* [Material provided]:
..........
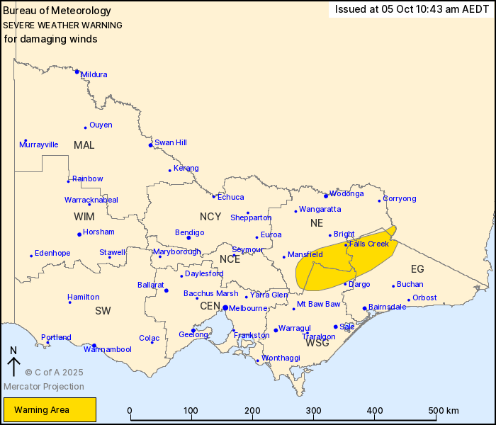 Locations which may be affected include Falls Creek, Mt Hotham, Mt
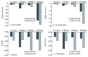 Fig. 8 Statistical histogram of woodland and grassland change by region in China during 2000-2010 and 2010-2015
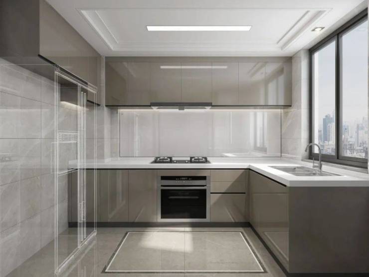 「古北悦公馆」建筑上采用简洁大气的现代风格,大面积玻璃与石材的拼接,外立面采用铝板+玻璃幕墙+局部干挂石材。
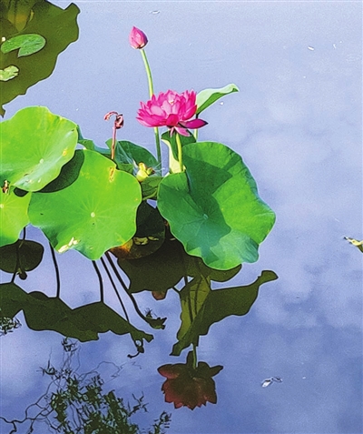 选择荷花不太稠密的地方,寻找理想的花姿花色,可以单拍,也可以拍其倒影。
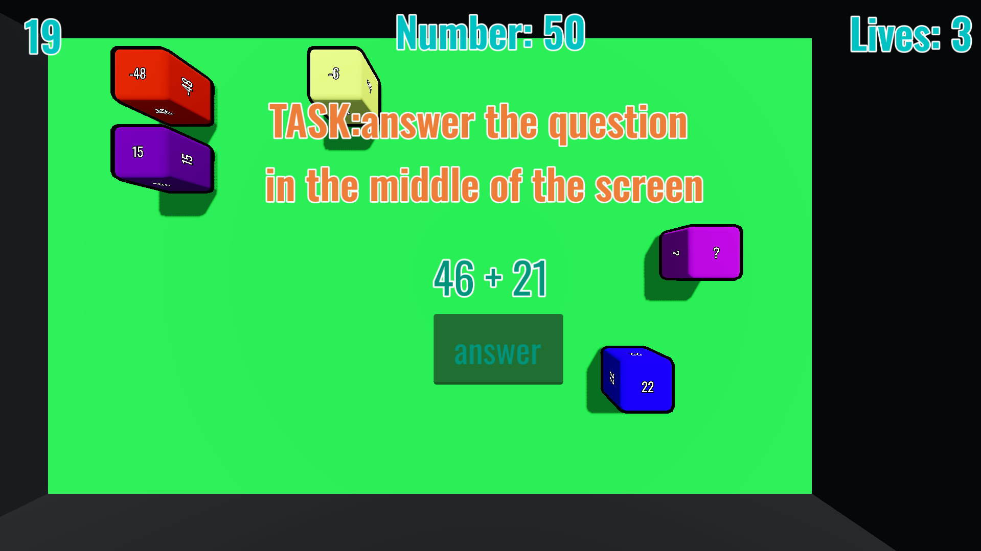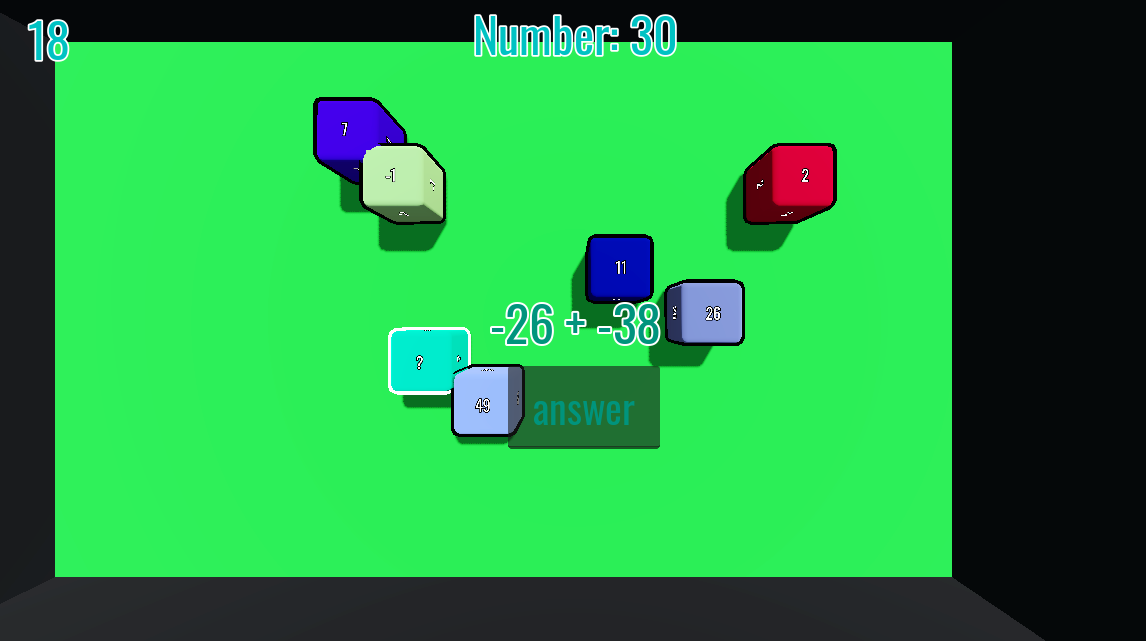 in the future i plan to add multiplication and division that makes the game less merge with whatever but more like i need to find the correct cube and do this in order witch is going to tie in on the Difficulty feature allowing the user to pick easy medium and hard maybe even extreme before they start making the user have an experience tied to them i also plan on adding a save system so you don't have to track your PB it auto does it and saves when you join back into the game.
..........
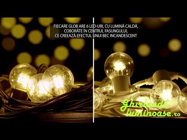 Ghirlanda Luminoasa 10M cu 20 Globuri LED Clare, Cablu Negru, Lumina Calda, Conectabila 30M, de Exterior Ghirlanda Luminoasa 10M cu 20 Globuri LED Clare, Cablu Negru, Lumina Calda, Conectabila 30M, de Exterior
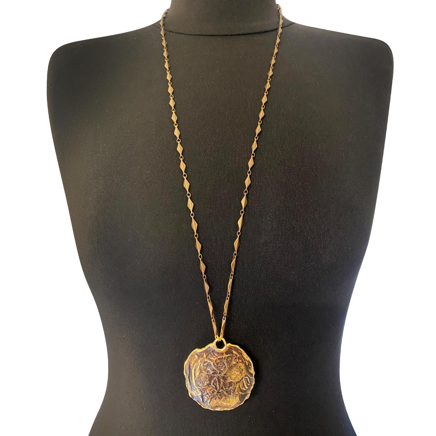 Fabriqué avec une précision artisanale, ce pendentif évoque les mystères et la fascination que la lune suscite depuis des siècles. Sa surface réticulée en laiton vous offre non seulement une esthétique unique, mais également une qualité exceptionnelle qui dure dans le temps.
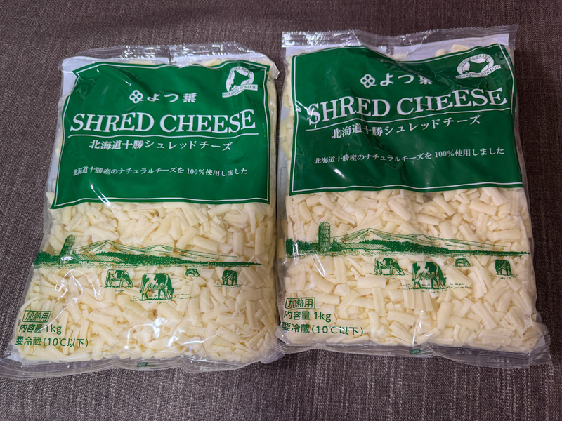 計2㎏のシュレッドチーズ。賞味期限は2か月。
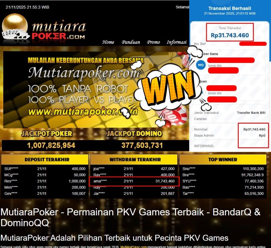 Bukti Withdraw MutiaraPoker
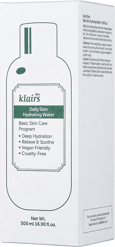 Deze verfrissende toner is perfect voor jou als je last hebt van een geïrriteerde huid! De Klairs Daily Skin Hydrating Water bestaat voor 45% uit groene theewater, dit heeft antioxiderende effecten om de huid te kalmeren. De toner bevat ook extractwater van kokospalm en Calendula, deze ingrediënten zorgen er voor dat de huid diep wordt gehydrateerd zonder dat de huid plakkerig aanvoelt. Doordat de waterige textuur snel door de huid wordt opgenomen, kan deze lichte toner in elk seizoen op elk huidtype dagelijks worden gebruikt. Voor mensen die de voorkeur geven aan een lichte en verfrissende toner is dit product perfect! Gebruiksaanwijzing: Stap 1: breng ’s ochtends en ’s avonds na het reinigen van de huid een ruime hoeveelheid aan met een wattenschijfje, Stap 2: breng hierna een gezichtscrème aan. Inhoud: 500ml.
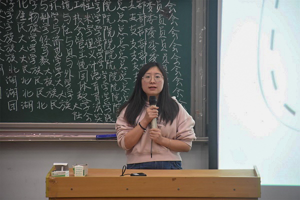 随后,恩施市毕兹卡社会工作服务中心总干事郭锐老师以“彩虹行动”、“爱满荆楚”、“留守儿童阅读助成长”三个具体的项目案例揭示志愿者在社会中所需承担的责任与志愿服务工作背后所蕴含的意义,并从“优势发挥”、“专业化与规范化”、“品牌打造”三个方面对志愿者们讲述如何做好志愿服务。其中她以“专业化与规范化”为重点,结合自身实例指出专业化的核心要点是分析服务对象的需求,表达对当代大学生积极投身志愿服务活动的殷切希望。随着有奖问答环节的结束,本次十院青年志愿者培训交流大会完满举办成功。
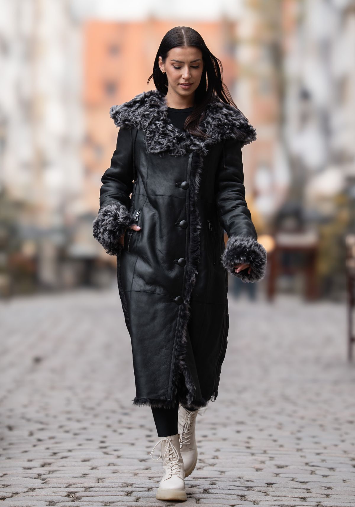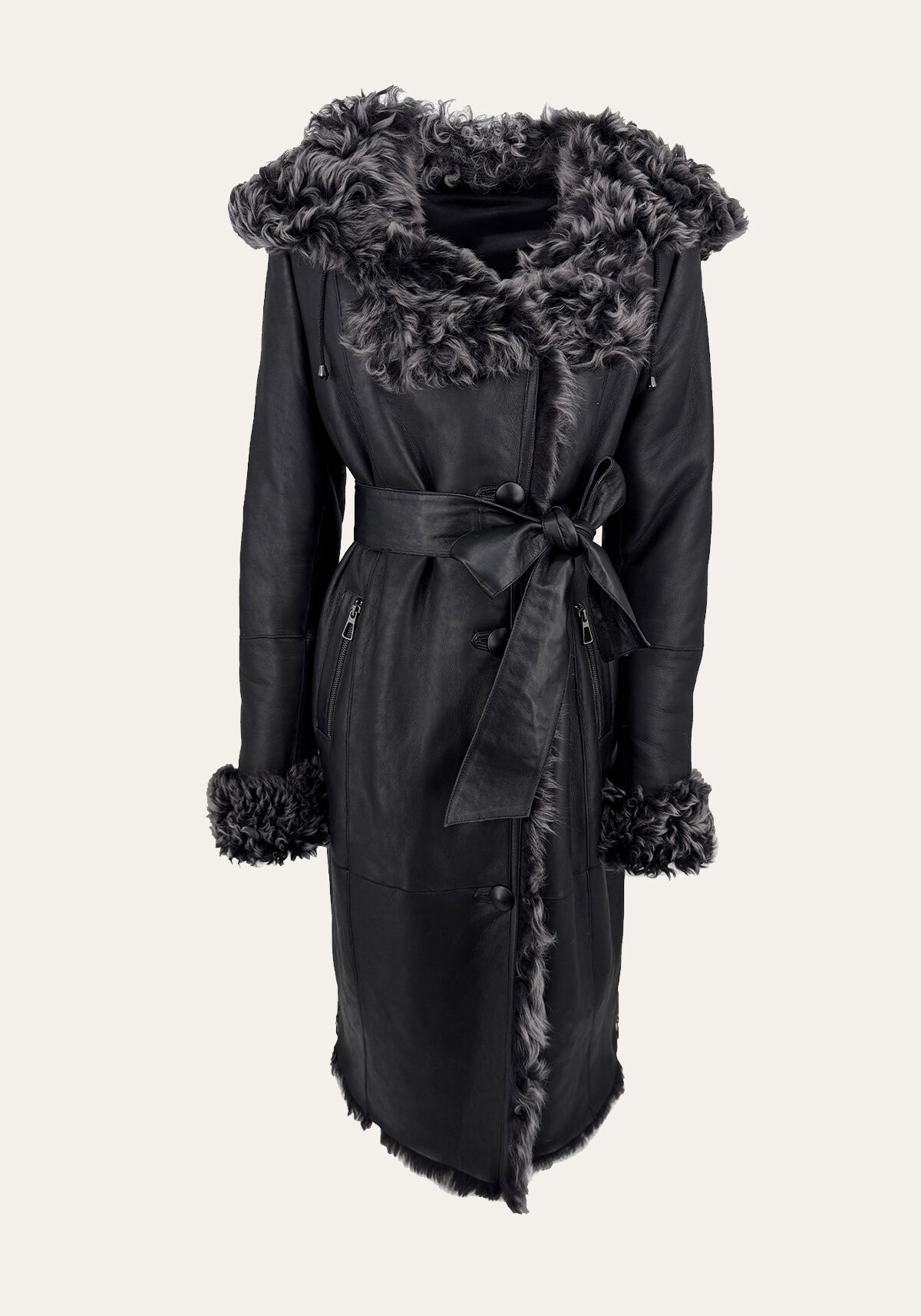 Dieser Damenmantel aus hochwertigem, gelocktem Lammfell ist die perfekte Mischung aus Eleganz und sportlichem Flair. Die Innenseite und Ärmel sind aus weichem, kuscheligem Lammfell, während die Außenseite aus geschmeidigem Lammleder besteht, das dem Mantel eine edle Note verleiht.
..........
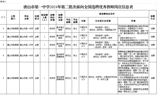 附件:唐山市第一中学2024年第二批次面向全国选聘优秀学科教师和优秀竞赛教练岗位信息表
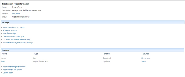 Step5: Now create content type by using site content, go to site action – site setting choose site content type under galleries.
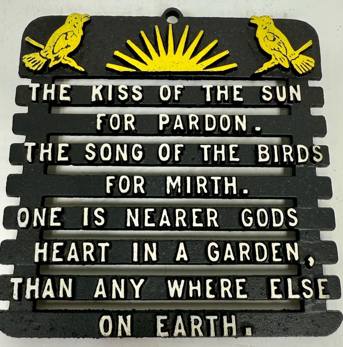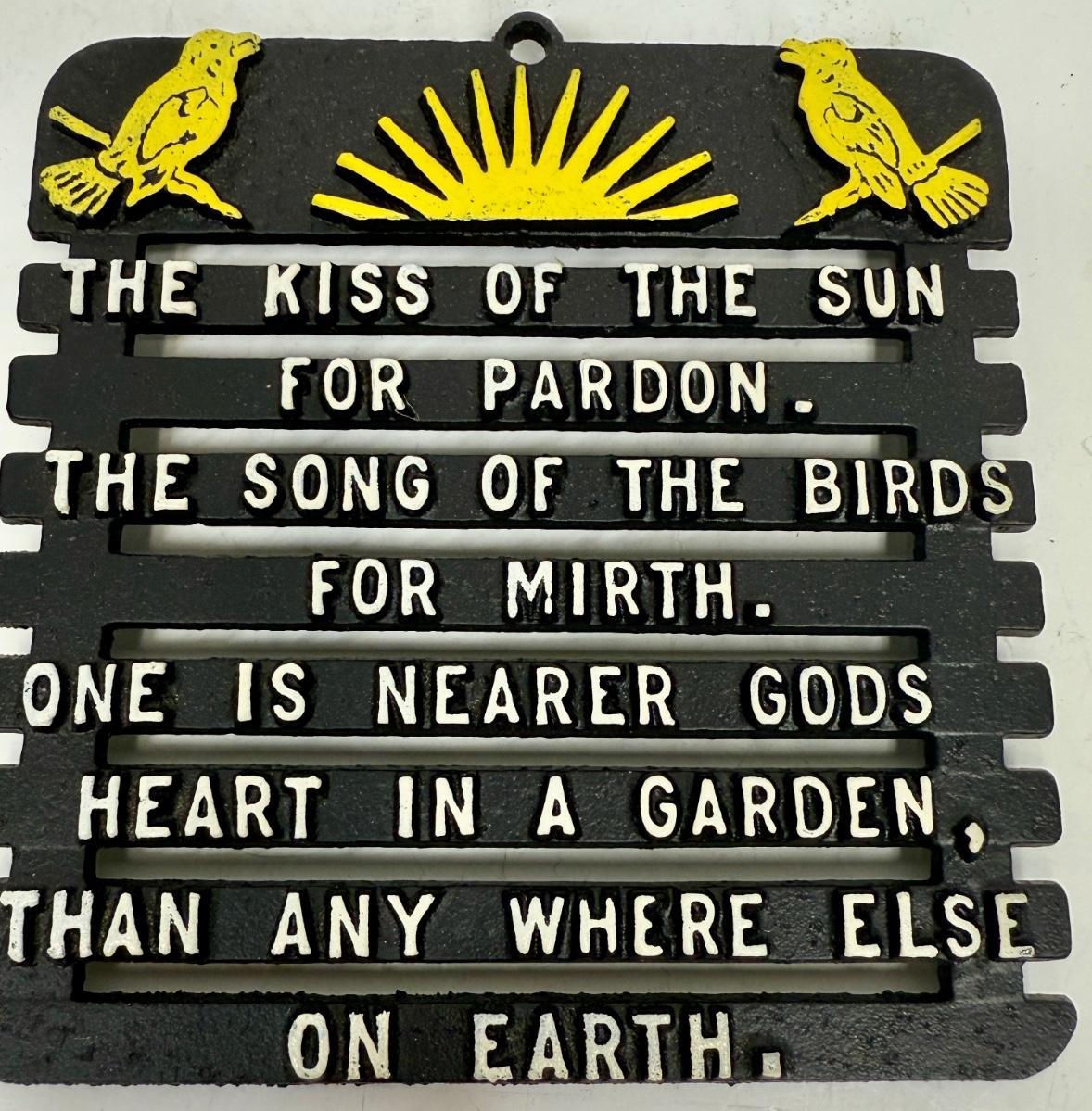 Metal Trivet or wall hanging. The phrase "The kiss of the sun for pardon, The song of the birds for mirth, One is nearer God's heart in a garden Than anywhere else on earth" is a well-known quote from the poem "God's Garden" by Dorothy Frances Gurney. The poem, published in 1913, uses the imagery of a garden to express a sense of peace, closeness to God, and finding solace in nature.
..........
* [What you need to do]: Could you output exactly the lines above, from the line with "Locations which may" up to and including the line with "选择荷花不太稠密的地方,寻找理想的花姿花色,可以单拍,也可以拍其倒影。", and nothing else, skipping the pictures?

* [Completed task]:
 Locations which may be affected include Falls Creek, Mt Hotham, Mt
 Fig. 8 Statistical histogram of woodland and grassland change by region in China during 2000-2010 and 2010-2015
 「古北悦公馆」建筑上采用简洁大气的现代风格,大面积玻璃与石材的拼接,外立面采用铝板+玻璃幕墙+局部干挂石材。
 选择荷花不太稠密的地方,寻找理想的花姿花色,可以单拍,也可以拍其倒影。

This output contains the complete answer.